6. Leverage virtualization to save time, effort and expense.

The value of virtualization for production workloads is well understood. However, physical servers and infrastructure remain present in many IT environments. To increase resilience and reduce downtime, virtualization can be extended to protect a business from physical system outages. Look for a data protection solution that supports failing over a physical server to a VM locally or in the cloud. This obviates the need for redundant physical hardware when responding to a server failure.

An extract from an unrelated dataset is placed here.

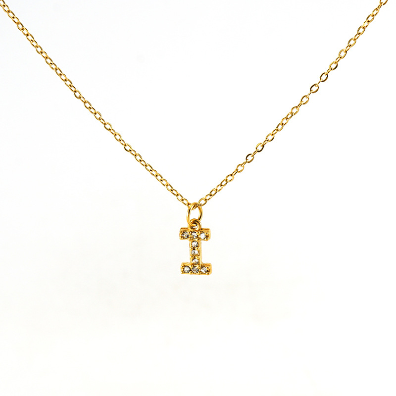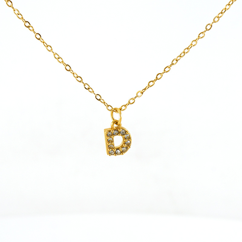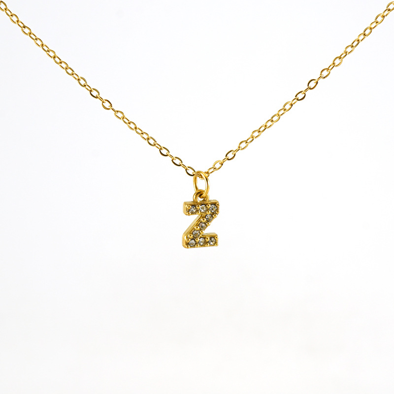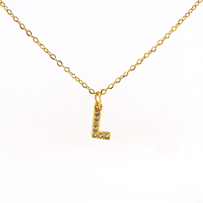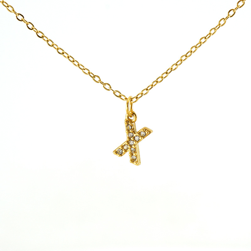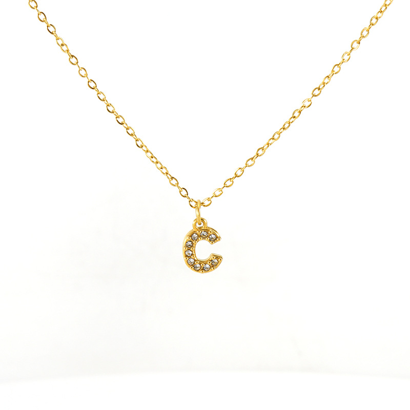 Cross-border European and American stainless steel fashion 26 English diamond-encrusted small letter necklace, simple and versatile collarbone chain in stock for women

7. Harness the power of the cloud.

Disaster Recovery as a Service (DRaaS) offers a cost-effective, highly resilient means of failing over part or all of a data center without the need for duplicate hardware. This is achieved by utilizing the scalable on-demand nature of the cloud to achieve levels of IT resilience previously available only to the largest enterprises.

8. Evaluate which protection solution is right for your business.

Cost is not the only consideration when evaluating data protection solutions. Also consider how seamless the solution needs to be from an IT administrative and recoverability perspective. From there, you can decide whether a single-vendor solution or aggregating solutions from multiple suppliers is appropriate.

Another fundamental consideration is whether to replicate data and systems to secondary hardware, or shift to the on-demand computing advantage and operating costs of the cloud. Finally, try to eliminate reliance on manual steps during protection and recovery operations. Otherwise, you risk not achieving your recovery objectives.

9. Document recovery procedures ahead of time.

A prepared IT organization has a clearly documented protection and recovery plan with detailed, current and frequently practiced procedures. This enables swift and direct action, and less interruption to the business. Figuring out disaster recovery protocols mid-crisis is another disaster waiting to happen.

10. Test the solution often and look for gaps.

Recovery protocols should be run regularly to verify adequate breadth and depth of coverage, and to uncover any gaps or technical issues. Changes in primary infrastructure will likely impact your solution, so ensure readiness through frequent testing.